Les collisions avec les cétacés demeurent un des risques principaux, principalement des coureurs au large. La traversée des océans se fait à des vitesses toujours plus importantes et les collisions avec ces animaux sont dramatiques. Bien sûr pour les bateaux et les concurrents embarqués. Mais aussi, ce sont des animaux qui sont blessés ou parfois tués par les collisions avec ces bateaux.
Des solutions existent déjà de détection (OSCAR) ou d'effarouchement des cétacés. Mais la trousse à outils n'est jamais assez complète lorsqu'il s'agit de parvenir à faire cohabiter sur l'océan ses habitants endémiques et des humains en bateau.
Écouter la présence des animaux
Le projet Bombyx2 vise à détecter, par l'écoute, ces animaux et alerter de leur présence. Le choix est ensuite laissé aux navigateurs, en conscience, de demeurer ou traverser la zone en veillant plus attentivement. Ou de se dérouter et d'éviter la zone concernée.

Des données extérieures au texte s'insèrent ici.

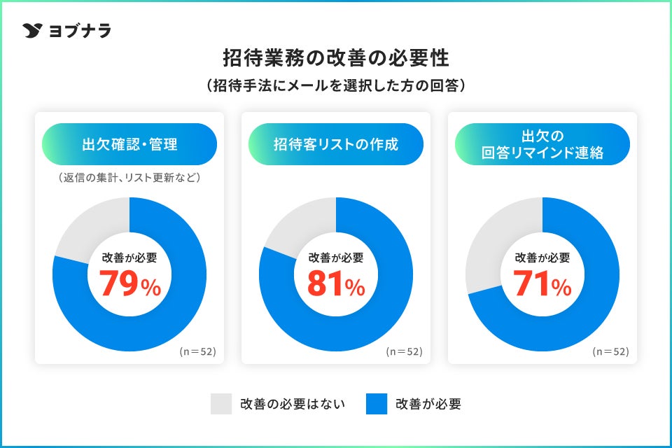 「招待業務の改善の必要性」を尋ねたところ、メールで招待している70%以上が「業務改善が必要」と回答しました。
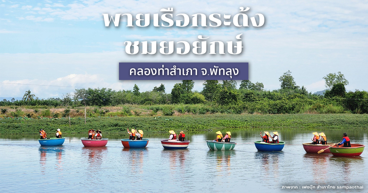 พายเรือกระด้งชมยอยักษ์ คลองท่าสำเภา จ.พัทลุง สัมผัสเสน่ห์วิถีชุมชนกลางธรรมชาติ ชมยอยักษ์กลางน้ำ พร้อมเก็บภาพฟีลลิ่งดี ๆ ท่ามกลางบรรยากาศสงบและเรียบง่าย
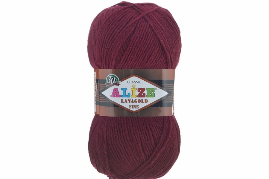 Пряжа Alize Lanagold Fine (Ализе Ланаголд Файн) - 1 моток, 57 бордовый, 49% шерсть, 51% акрил 390м/100г
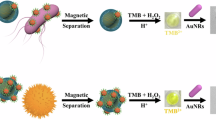 Colorimetric assays were performed on a 96-well plate as illustrated in Fig. 1b. In short, 100 μL of bacteria/MBs complex was mixed with equal volume of substrate solution (containing 100 mM citric acid, 200 mM Na2HPO4, 0.32 mM TMB and 2 mM H2O2, pH 4.3). The plate was incubated for 30 min at room temperature for color developing. After color development, the reaction was stopped with 2 M sulfuric acid (50 μL/well) and then the solution in the wells was transferred to a new plate with the aid of a magnetic separator. Optical density (OD) was measured at 450 nm using a microplate reader (iMark, Bio-rad).
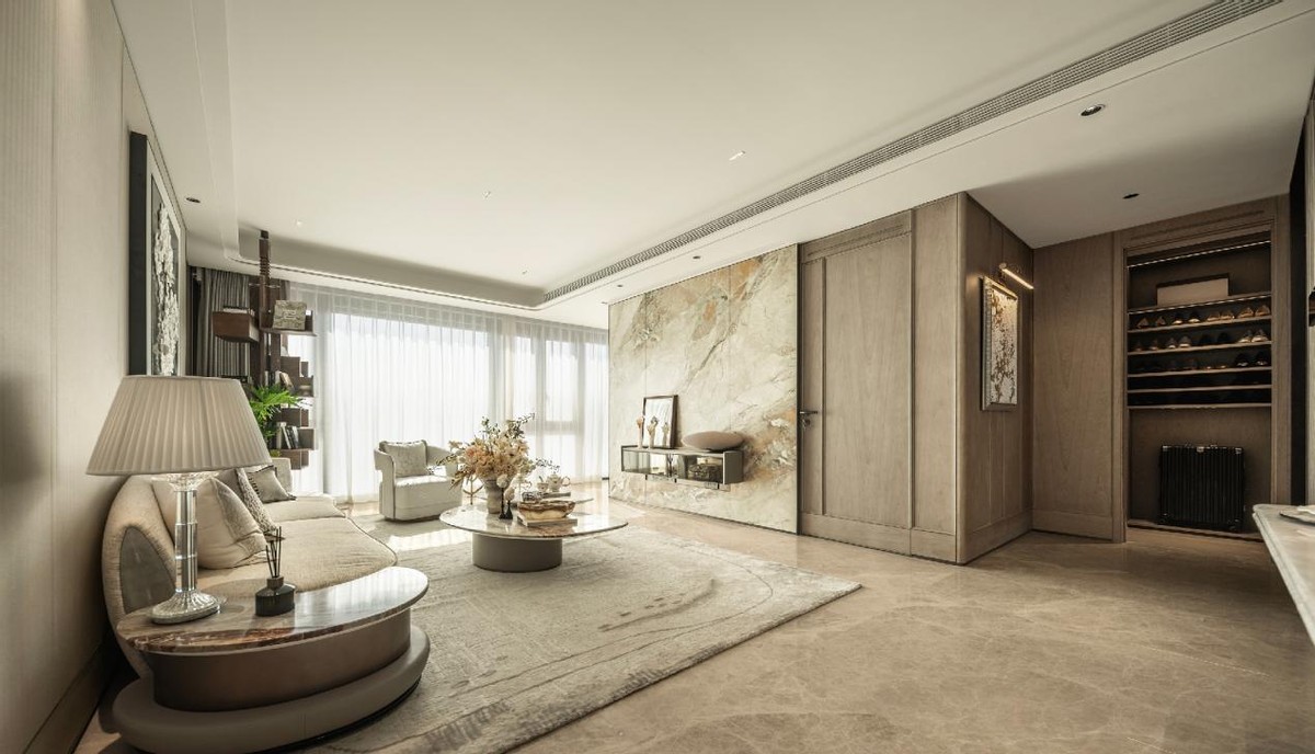 步入【天光序】归家大堂,格栅式石材墙体犹如一面归家屏风,界定空间仪式序列。以传统“漏景与借景”方式,引天光入境,于若隐若现中,空间层次悄然铺展,令归家心境从容过渡,沉浸于东方美学的静谧氛围。
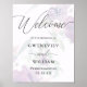 Póster Signo de bienvenida de Boda morado floral y caligr
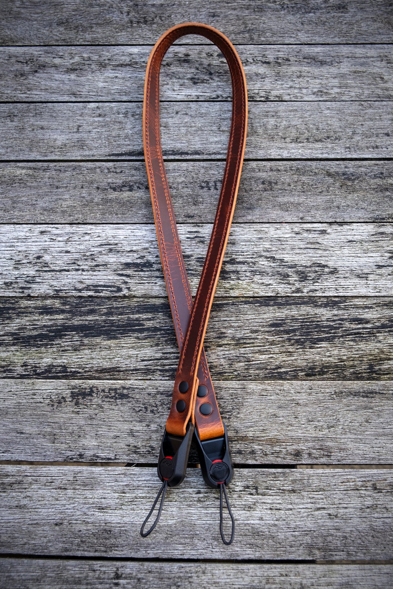The Savanna leather camera strap is handmade from the finest full grain vegetable tanned  leather sourced from the legendary Badalassi Carlo tannery in Italy. The tanning process is centuries old giving a distressed and rugged look and offers a beautiful 'pull-up' effect where temporary shifts in colour occur when the leather is flexed. There is also loads of surface character that brings out the natural grain. Simply gorgeous leather and perfect for patina lovers!
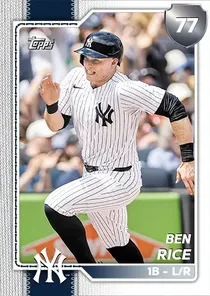 This is the Live card for Ben Rice, featured in MLB The Show 26. He's a 77 Overall Silver card primarily playing 1B. He can also fill in at C. Available on the marketplace for around 109 stubs (buy now price). Ben Rice has a elite Meta Score of 67.67, indicating his overall effectiveness in competitive play. At the plate, Ben Rice displays below average contact overall, with specific ratings of 70 Contact vs Right and 40 Contact vs Left. He brings good power to the plate, evident from his 76 Power vs Right and 79 Power vs Left. In terms of plate discipline, his good Vision stands at 70, paired with his good Discipline rating of 71. In the field, Ben Rice is a average defender. His key defensive attributes are 61 Fielding, 50 Arm Strength, and 66 Reaction time. On the basepaths, Ben Rice showcases below average speed and below average stealing ability. This is supported by 57 Speed, a 3 Stealing rating, and 12 Baserunning Aggression. Ben Rice is a 27-year-old baseball player, stands 6'2" and weighs 228 lbs, born in Massachusetts, currently playing for the Yankees, bats L and throws R. Active Quirks for Ben Rice: Homebody, Dead Red, Breaking Ball Hitter, Unfazed, Day Player, Table Setter. Other available versions for Ben Rice include: 2025 Finest (99 Diamond), Topps Now (97 Diamond), Topps Now (84 Gold), Live (83 Gold).
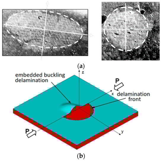 Delaminations: (a) white spots indicate the disbonds of the adjacent reinforcement layers which can buckle under compressive loading and propagate; (b) cross-section in the xz plane of an embedded buckling circular delamination under compressive loading.
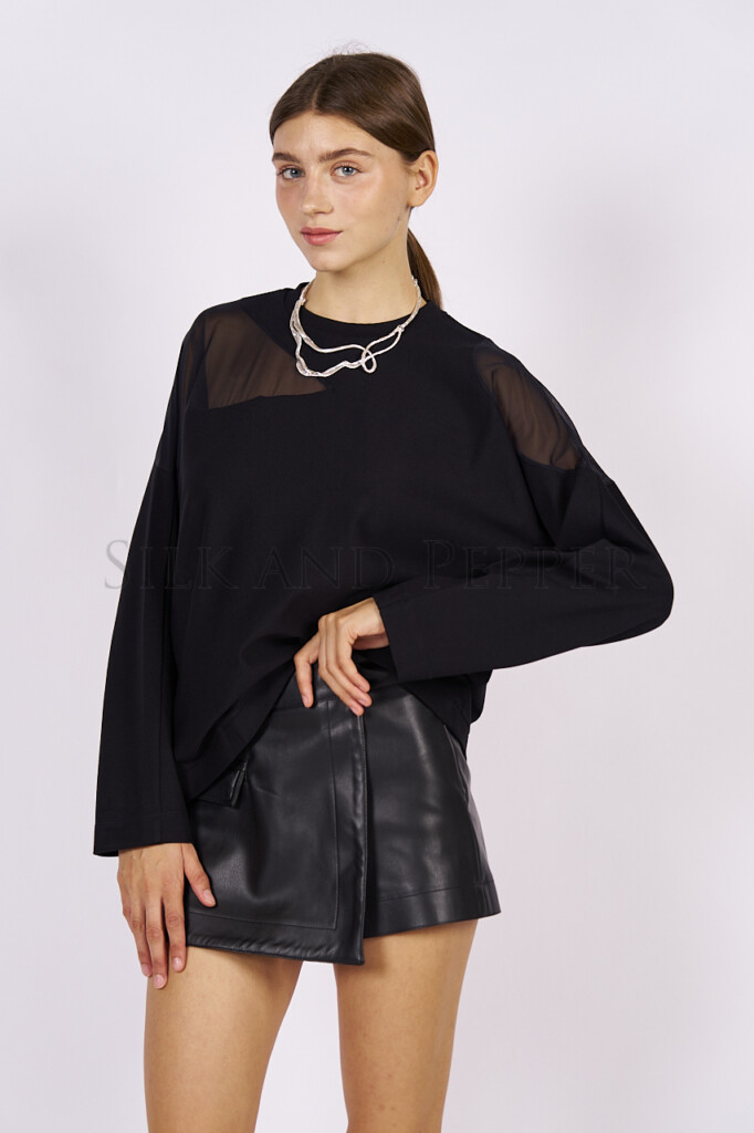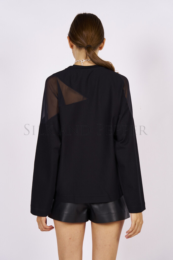 Felpa Nera Boxy con Inserti in Tulle – Comfort con Attitudine

Hervé Glotin, chercheur à l'université de Toulon, explique : "Les collisions ont un cout économique pour tous les acteurs du secteur. Les compagnies de cargo doivent mettre les bateaux en cale sèche pour les inspecter, les skippers risquent la structure de leurs voiliers", explique-t-il. "Le prix le plus élevé est payé par la biovidersité qui, à chaque rencontre entre un bateau et un animal, perd de sa richesse."
Des bouées immergées
Bombyx 2 fait partie du programme plus global Maritime Interreg Gias, qui vise à sécuriser la cohabitation des animaux et des humains à la surface des océans. Les bouées développées par la société française Osean, sont immergées à 25 mètres de profondeur, ancrées au fond avec une bouée en surface pour les repérer. Chacune pèse 60 kg et est équipée de ballast qui lui permettent, à intervalle régulier, de remonter à la surface et transmettre par le réseau GSM (4G ou 5G selon les cas), les résultats d'analyse des données audio récoltées par les 5 hydrophones qui équipent chaque unité.
Ces données sont analysées par une intelligence artificielle embarquée aux bouées qui, douée d'autoapprentissage, est en mesure de déterminer si un son est celui d'un animal ou non. Ces informations sont ensuite adressées à la flotte de 39 navires du réseau Repcet de détection des cétacés.
Le chercheur explique que cette version, "plus évoluée [que la précédente NDLR] permettra d'améliorer cet outil jusqu'à présent basé sur l'observation visuelle. Les bateaux vont devenir capables de détecter des animaux qui ne se déplacent pas en surface."
Un déploiement progressif
A l'automne 2021, deux bouées seront mises en place, suivies de dix autres, pour le moment dans une zone répartie entre Toulon et Monaco, en Méditerranée.
Immergées, ces bouées ne troublent pas la navigation et permettent d'optimiser la détection. Elles sont autonomes en énergie et capables de procéder non seulement à l'écoute, mais aussi à l'analyse du flux audio. Elles déterminent la présence des animaux ainsi que leur nombre et leurs caps, fournissant de précieuses informations aux usagers alentour comme aux chercheurs.
À terme, si elles se développent à la surface du globe, ces bouées pourraient constituer un puissant outil de cartographie préventive qui, couplé à une solution de détection active sur zone telle que celle du français OSCAR, apportera une sécurité accrue aux navigateurs, compétiteurs comme commandants de navires marchands.
Réservé aux professionnels pour le moment
Pour le moment, la limite du modèle est qu'il n'adresse ses détections qu'aux seuls navires équipés de terminaux RepCet de détection de cétacés. Des professionnels pour la plupart, ces 39 navires ne sont qu'une goutte d'eau dans l'océan de la navigation. Gageons que les données provenant d'un tel outil seront rapidement mises à la disposition de la communauté nautique toute entière, la protection des animaux marins ne devant pas devenir un énième commerce en mer.